Lou looked at you. “Hmm.I..” The door opened. “Act sexy. I don’t know!” he whisper shouted, going into the cabin as the others followed along. “Just don’t let him see you.“
“What..” you muttered under your breath. Act like a slut? How would you do that?
“The can is somewhere in here..” Adam said by your side. “We’ll find it while you and Jacob stay down here, alright kid?” You slowly nodded before he ran upstairs.
“Jacob what the fuck do we do?” You asked in worry. He shrugged. “Dammit.”
“Just stay calm, alright?” He said, holding your shoulders. “Don’t talk to anyone.” He said before going into the kitchen.
“Jacob? Jacob!” You whispered but he left you. You sighed and sat down on the couch, enjoying the sound of the PetShop Boys playing in the back.
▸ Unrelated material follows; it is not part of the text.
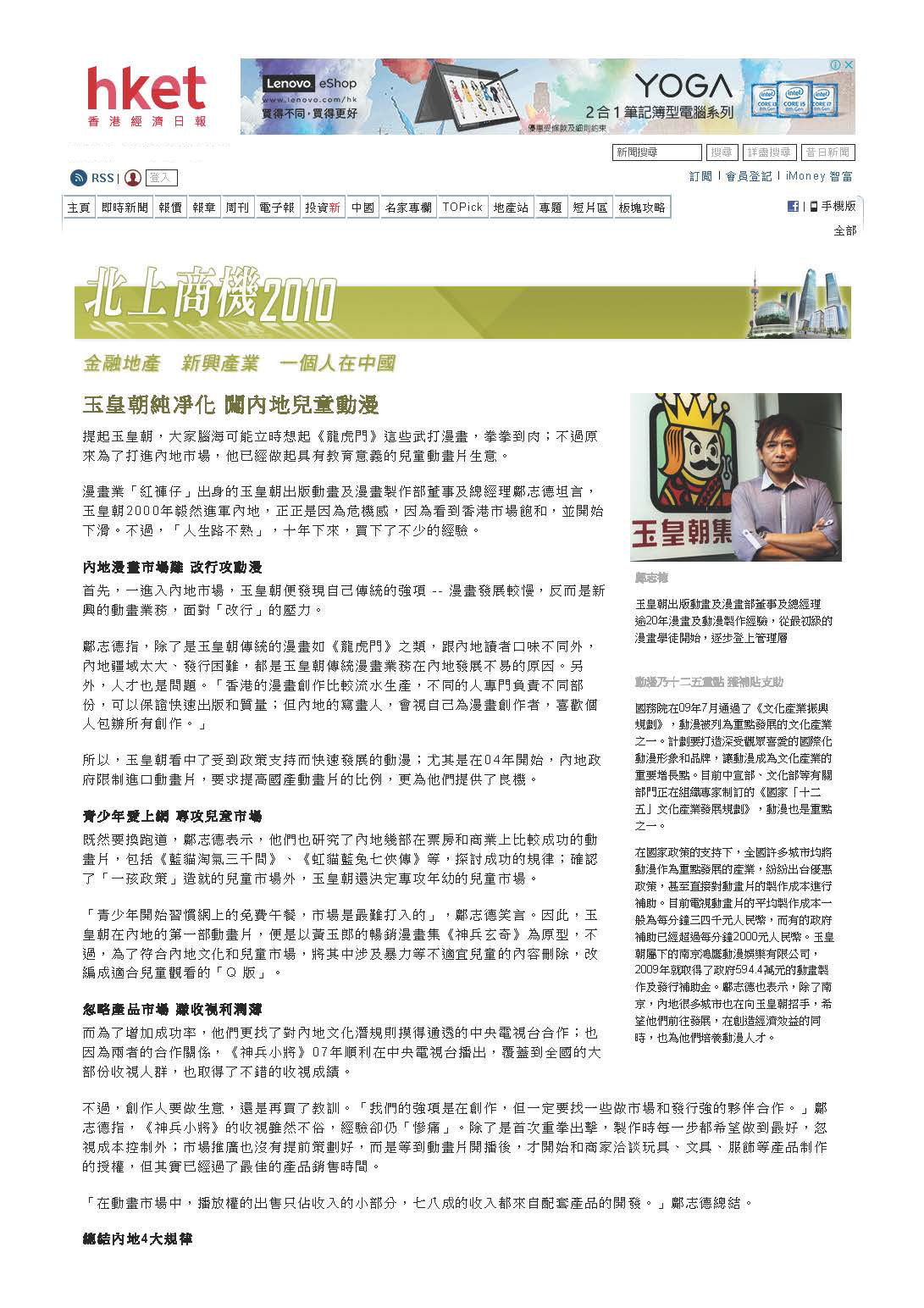 香港經濟日報專題訪問.

You first met the guys back in 2009. You went to school with Jacob and that’s how you met his crazy dad friends. They thought Jacob was gay but you pretended to be his girlfriend, but finally told them that you guys weren’t together. Long story short, they invited you to the lodge to party with them, until here you were, suck in the 80s. You would’ve been born by now.
Suddenly, you heard running down the stairs, and saw the guys along with Kelly all in a group, facing someone on the other side of the room. The guy was surrounded by frat looking boys, cocky and upfront, they looked.
That was probably Blaine and his dick sucking friends.
“Can we have that back?” Nick asked, pointing to the can Blaine was holding. Holy shit, we need that to get home.
You stood behind them, worried. This is the part where Lou gets beat.
“Bad news for you, sport. I’m a patriot.” Blaine explained. What the fuck. “Americaa.”
“Blaine, give it to us, please.” Lou stepped.
“Come and get it then.” Blaine said, throwing the can to one of his friends, gesturing for Lou to come closer. Lou did as instructed, trying to throw a punch but failed. Blaine ended up giving Lou a good whack in the face.
The crowed ooed and laughed, as Lou got on the floor by Nick’s feet.
“Are you alright?” Jacob asked, propping him up.”
“You got this, Lou. Tear his little white boy as up!” Nick encouraged.
“You’re bleeding, Lou.” You said, coming out of the crowed, bending to Lou’s height. You wiped the blood from his nose and wiped it on the couch.
“Woah, woah woah.” Blaine said, taking off his jacket. “Who is this fine thing?” He smirked, looking down at you. Shit. Don’t be seen, don’t be seen.
“This is (Y/N)..” Lou said, wiping his nose. “Shit…” He muttered.
“(Y/N), huh?” He asked. You stood up, hands clutching your sweater as you made sweater paws. “Damn.” He bit his lip, eyeing you up and down as bait.
“Blaine.” You said, clearing your throat.
“You know my name, huh sweetie?” He asked, stepping closer. “You’re hot.” He whispered in your ear before backing away. You shivered at his voice, cursing to yourself because you found Blaine slightly attractive. Fucker.
“How bout we make a deal, Lou.” Blaine explained. By now, Lou was standing up. “You get your little spy kit, along with this bomb thing, and we get the girl.” Blaine smiled widely, biting his lip.
“No, you can’t take her!” Jacob yelled, defending you.
“What are you, her boyfriend?” One of Blaine’s friends asked. “Queer.” He smirked.
“You can’t take her, Blaine. Just give us the bag. We mean no harm.” Adam said.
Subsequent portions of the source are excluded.